Our current platform states: "It is appalling that in a country as wealthy as Canada, our children do not have guaranteed no-cost access to high quality dental care. In order to address the crisis among the most marginal in our society, we will expand our public health care coverage to include dental coverage for low-income Canadians under the age of eighteen."


If adopted, this resolution will extend this policy to provide basic dental health care to all Canadians.

Code

G16-P013

Proposal Type

Policy

Submitter Name

Valerie Klassen

Preamble

WHEREAS dental health is integral to human health;

WHEREAS the Green Party of Canada is committed to promoting health equity for all Canadians;

Operative

BE IT RESOLVED that basic dental care be made a publicly funded health service.

Sponsors

Andrew Park, Scott Harrison, Paul S. Graham, Kate Storey, Doug Storey, Brian Timlick, James Beddome, Wesley Stevens, Pam Sanford, Richard Freeman, Dan Green, Patrick Dirks, Ruth Gregory, Ian Elwood-Oates, Leslie Elwood-Oates, Andy Shadrack, John Redekopp, David Nickarz, Keith Moen, Marc Payette, Bruce Hyer, Lori Boast, Don Scott

Background

Health care in Canada is considered a provincial/territorial responsibility, guided by provisions of the federal Canada Health Act (1984), which establishes criteria and conditions that provincial and territorial health plans must meet in order for them to receive federal cash transfers. The Act requires provision of medically necessary physician and hospital services: however medically necessary has not been defined. Since the Canada Health Act was adopted, knowledge about what is required to maintain health and address health problems has evolved, and there are now initiatives to ensure universal coverage of a broader array of evidence-informed health services.

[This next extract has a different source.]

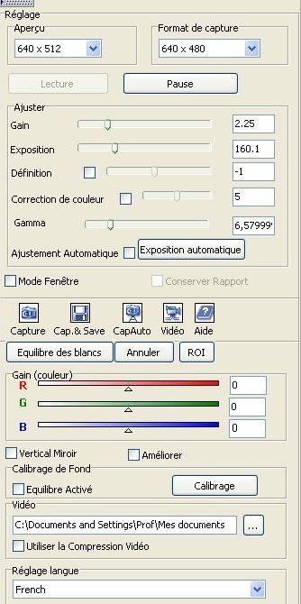 Ici il ne faudra pas utiliser MESURIM mais le logiciel propre à la caméra (en français celui là) et il faudra le paramétrer de manière à obtenir une image qui occupe toute la taille de l'écran :
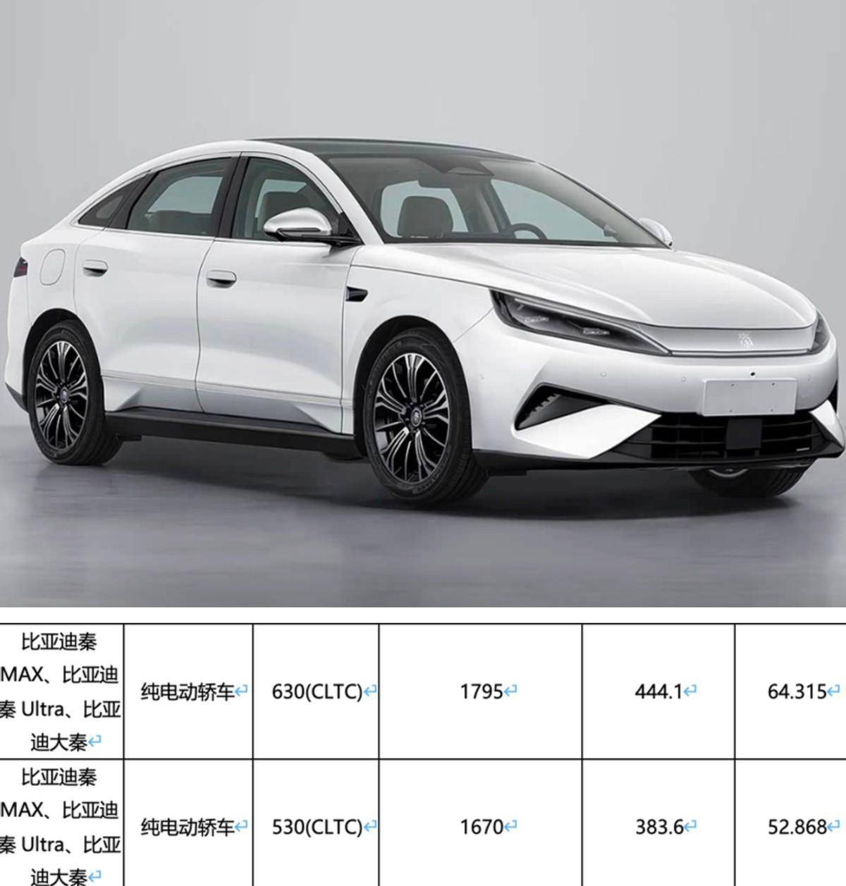 4.全新推出的,包括比亚迪海狮07EV,此前只有插混版本,此次推出纯电版。使用69.07kWh的电池包,纯电续航拉到了705公里。再比如可能定名为大宋和大秦的新车型,前者用最高82.7kWh的电池给到710公里的续航数字,大秦则是用64.3kWh的电池,交出了630公里的续航。

We now know that provision of basic dental health care is necessary for overall health: poor dental health can contribute to many other health problems.

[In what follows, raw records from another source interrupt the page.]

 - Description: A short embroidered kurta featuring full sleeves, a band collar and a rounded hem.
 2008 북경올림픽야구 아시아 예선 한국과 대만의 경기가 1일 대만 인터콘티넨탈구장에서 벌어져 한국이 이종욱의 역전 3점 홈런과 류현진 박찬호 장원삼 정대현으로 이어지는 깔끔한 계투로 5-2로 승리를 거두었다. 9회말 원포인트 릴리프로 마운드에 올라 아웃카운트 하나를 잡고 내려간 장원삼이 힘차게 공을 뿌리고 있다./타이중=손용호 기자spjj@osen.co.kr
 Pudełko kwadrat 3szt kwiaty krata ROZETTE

As noted by Health Canada:
Oral health is not only important to your appearance and sense of well-being, but also to your overall health. Cavities and gum disease may contribute to many serious conditions, such as diabetes and respiratory diseases. Untreated cavities can also be painful and lead to serious infections. Studies are also currently examining whether there is a link between poor oral health and heart disease and between poor oral health and women delivering pre-term, low birth weight (PLBW) babies. http://www.hc-sc.gc.ca/hl-vs/iyh-vsv/life-vie/dent-eng.php

The Green Party of Canada is committed to preventative health care, and to promoting wellness. Given current knowledge of the health risks of cavities and gum disease, ensuring public funding of basic dental health care for all Canadians is a logical extension of this policy.

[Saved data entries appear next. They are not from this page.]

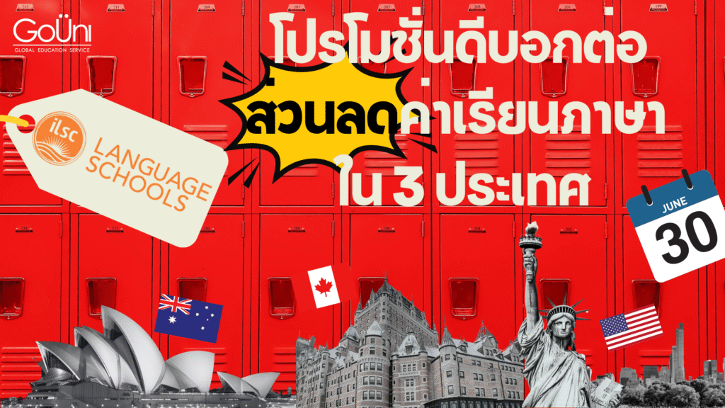 โปรโมชั่นดี ๆ รับกลางปีมาบอกต่อจากโรงเรียนภาษา iLSC Language Schools ที่ยกมาแถมกันจุก ๆ ใน 3 ประเทศให้น้อง ๆ ที่สมัครไปเรียนภาษาที่ออสเตรเลีย แคนาดา และอเมริกากัน!
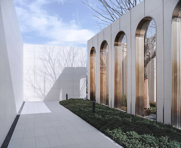 The high-grade gray façade is matched with a large area of LOW-E glass, which is stylish and simple, breaking the shackles of light. The hollow metal grille and the beige retro round arches are set against each other, which not only echoes modern abstract art, but also has traditions. The echoes of the Renaissance, floating light and gold, static shadow jade bi, make people drunk
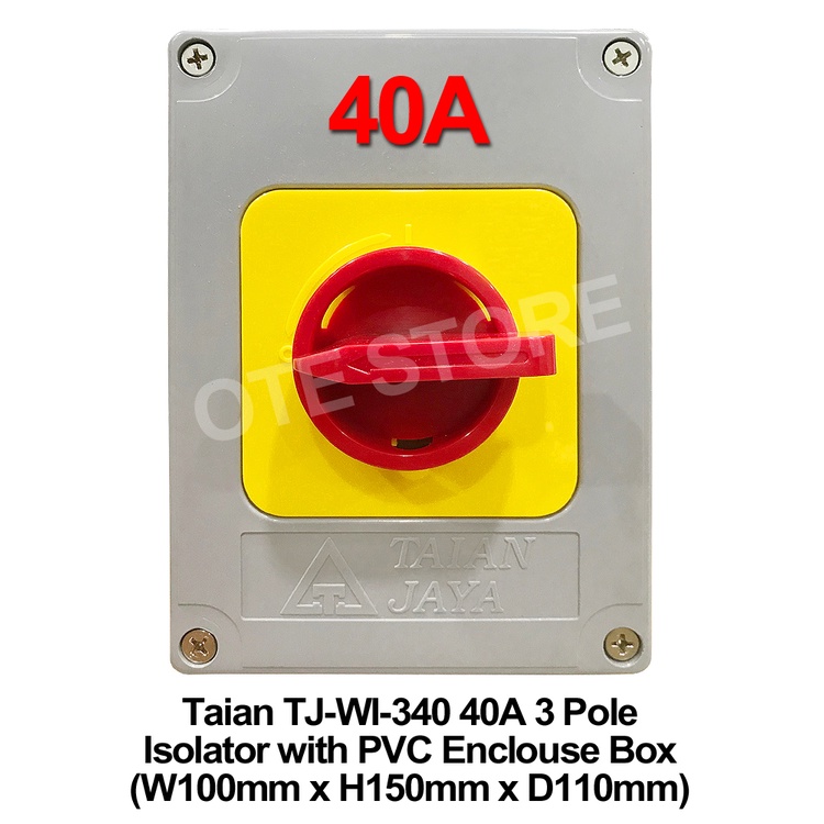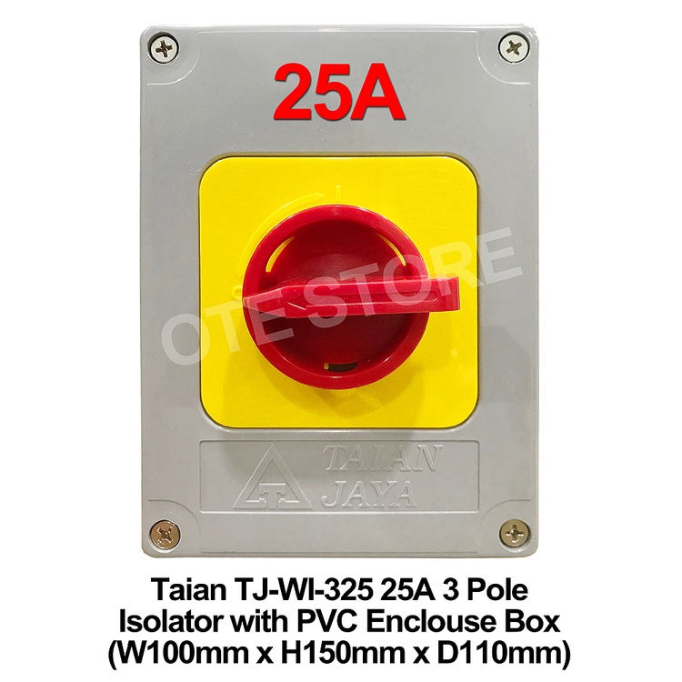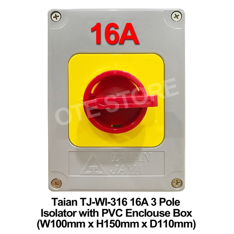 Taian TJ-WI Type 16A / 25A / 40A 3 Pole Weather Proof Isolator with PVC Enclosure Box (W100mm x H150mm x D105mm)
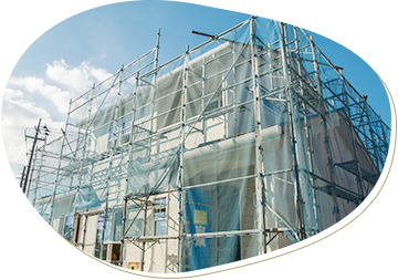 事故が起きず、安心して施工が進められるよう、足場を組み立てていきます。
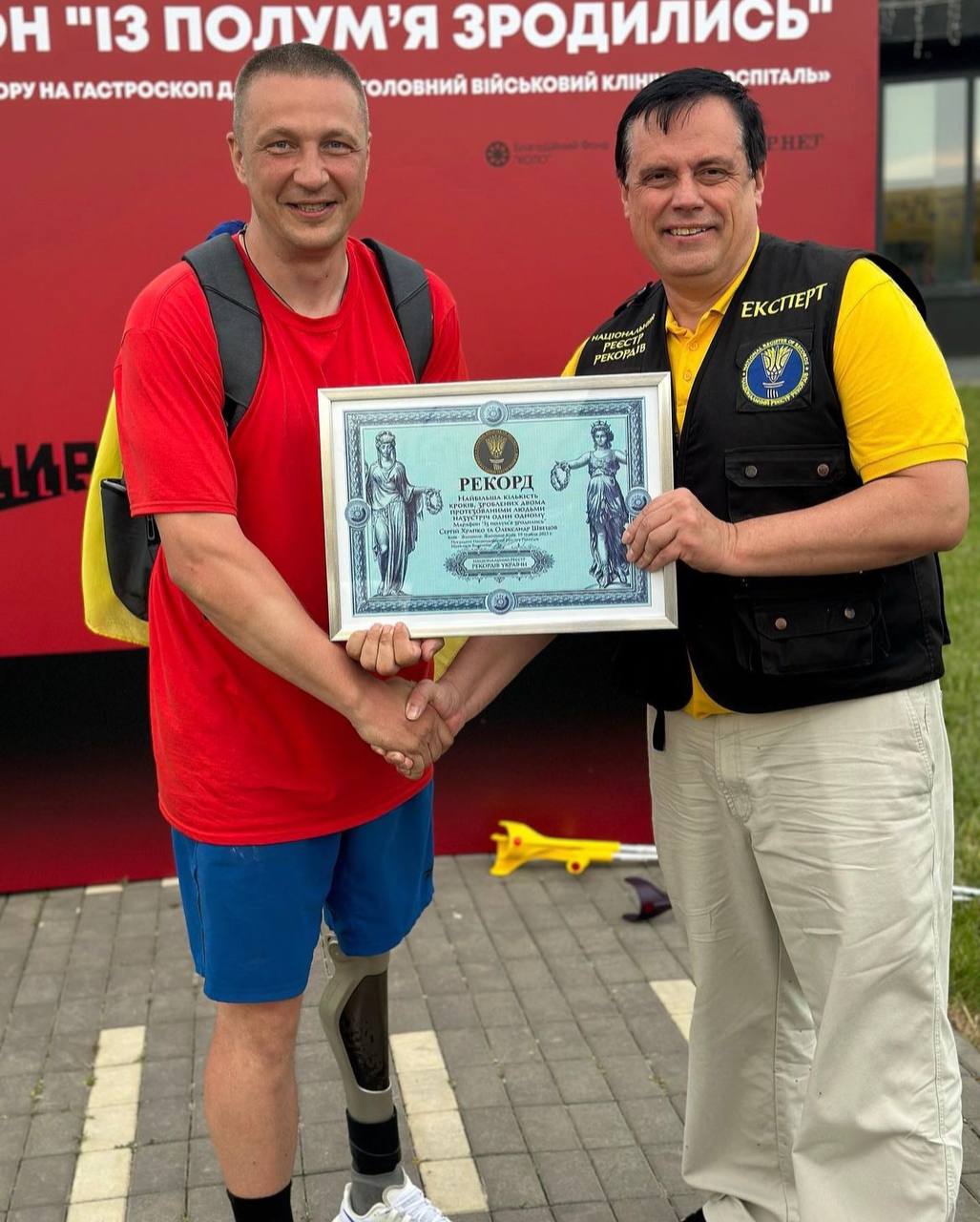 Ветеран АТО з Житомира Олександр Швецов разом із побратимом з Києва Сергієм Храпкоп, пройшовши назустріч один одному відстань у 120 км під час марафону "Із полум'я зродились", не лише зібрали близько 3 млн грн на гастроскоп для київського шпиталю, а й встановили рекорд.

As things stand, dental health care is covered (in whole or in part) for Canadians with employer sponsored or private health care plans. However, many low income Canadians cannot afford dental health care, leading to serious health inequities.

Our current platform states: "It is appalling that in a country as wealthy as Canada, our children do not have guaranteed no-cost access to high quality dental care. In order to address the crisis among the most marginal in our society, we will expand our public health care coverage to include dental coverage for low-income Canadians under the age of eighteen."


If adopted, this resolution will extend this policy to provide basic dental health care to all Canadians.